Donnerstag, 2. Oktober 2014

Warum wir immer dümmer werden (9)


Konstantin Ziolkovski - fast tauber Vater der sowjetischen Raumfahrt

Als sich jedoch Khomeyni an die Spitze der revolutionären Bewegung setzte, sprengte der Rekurs zum Islam den Rahmen des Symbolischen, er wurde real. Halluzination statt Erinnerung.

Und die Oktoberrevolution? Ausgerechnet diese, ihrem Selbstverständnis nach marxistische Revolution, scheint ganz ohne den - nach Marx für Revolutionen charakteristischen - Rekurs auf vergangene Epochen ausgekommen zu sein. Man könnte hier allenfalls Lenins weltanschauliche Verankerung in den Ideen der Narodniki anführen, Vertreter einer literarischen und sozialrevolutionären Bewegung, die aus der Tradition russischer Bauern schöpften, und von einer Gesellschaft abseits des westlichen Kapitalismus träumten. Aber die Ideen der Narodniki waren zu Lebzeiten Lenins nicht wirklich tot, und mußten - im Unterschied zu den historischen Beispielen, von denen bei Marx die Rede ist - nicht erst wiederbelebt werden.
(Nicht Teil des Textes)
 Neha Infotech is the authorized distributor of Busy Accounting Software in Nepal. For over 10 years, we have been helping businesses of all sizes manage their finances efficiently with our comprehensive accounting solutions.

In den revolutionären Diskursen im Russland des beginnenden 20. Jahrhunderts finden wir allerdings – und zwar abseits von Lenin - ein überraschendes Äquivalent für die von Marx beschriebenen revolutionären Rückwendungen zur Vergangenheit. In Alexander Kluges zehnstündiger „Verfilmung“ des Marxschen Kapitals, Nachrichten aus der ideologischen Antike, berichtet Boris Groys von den Biokosmisten, einer Gruppe radikaler russischer Denker, die überzeugt waren, daß der Kommunismus so lange unvollendet bleiben würde, solange die Revolution nur die Gesellschaft der Lebenden befreite. Am Ziel sei der Kommunismus erst dann, wenn es der Wissenschaft gelänge, die Toten wieder zum Leben zu erwecken. Die Generationen vor uns, die gelitten hätten, ohne erlöst worden zu sein. Und erst dann, wenn – neben der Abschaffung des gewöhnlichen Privateigentums – auch das „Privateigentum an (Lebens)zeit“ abgeschafft worden wäre, so daß alle Menschen gleich lang – und zwar unendlich lang – leben würden, erst dann sei die Geschichte am Ziel.
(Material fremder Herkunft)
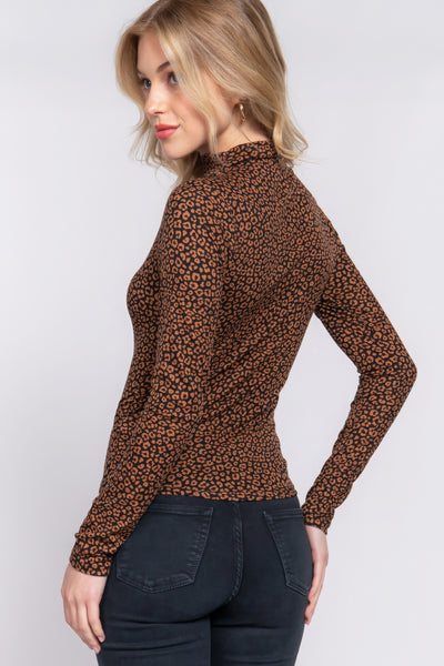 This top combines a sophisticated high neck design with a trendy animal print, making it a versatile piece suitable for various occasions.

Die Biokosmisten, die sich konsequenterweise intensiv mit Themen wie Unsterblichkeit und Verjüngung befassten, übten großen Einfluß auf die frühe sowjetische Wissenschaft aus - aber auch auf Künstler wie Krassimir Malewitsch. Laut Kluge arbeiteten zeitweise bis zu 46 Institute der sowjetischen Akademie der Wissenschaften an der Entwicklung eines Mittels zur Erlangung der Unsterblichkeit1. 1926 gründete Alexander Bogdanov, ein Jugendfreund Lenins, das Institut für Bluttransfusion, mit dem Ziel den Alterungsprozess mittels Blutaustausch zu verzögern, wenn nicht zu verhindern. Ihm selbst kostete eine Bluttransfusion das Leben. Und die Raketen-forschungen Konstantin Ziolkovskis, der die zum Leben erweckten Toten – für die es auf der Erde zu wenig Platz geben würde - auf andere Planeten bringen wollte, machten ihn zum Vater der sowjetischen Raumfahrt.